Start of Data below

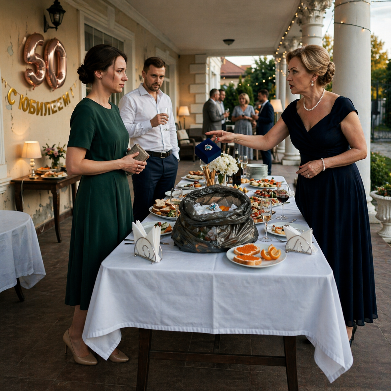 Я стояла на террасе, сжимая в ладони коробочку. Бархат был недорогим, жестким, но внутри лежала вещь, на которую я откладывала три месяца. Настоящее серебро, старая работа, крошечная бирюза цвета выцветшего неба над Тагилом. Мой талисман. Я купила её себе на первую премию в банке, когда закрыла самый сложный кейс по взысканию. Потом решила — пусть у неё будет. Юбилей всё-таки, шестьдесят лет.
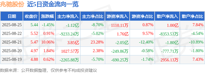 截至2025年8月25日收盘,兆驰股份(002429)报收于5.44元,下跌1.45%,换手率5.17%,成交量234.1万手,成交额12.82亿元。
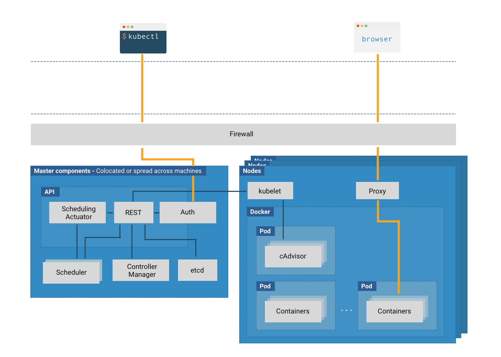 Kubernetes 是一个复杂的系统,下图展示了一个集群不同的组成部分,为了保证集群整体的安全,需要仔细保护每一个组件。

End of Data below

* [Task requirements]: The range to transcribe runs from the line holding "截至2025年8月25日收盘" through the final line of the data above; copy it exactly and exclude the pictures.

* [Answer for this exercise]:
 截至2025年8月25日收盘,兆驰股份(002429)报收于5.44元,下跌1.45%,换手率5.17%,成交量234.1万手,成交额12.82亿元。
 Kubernetes 是一个复杂的系统,下图展示了一个集群不同的组成部分,为了保证集群整体的安全,需要仔细保护每一个组件。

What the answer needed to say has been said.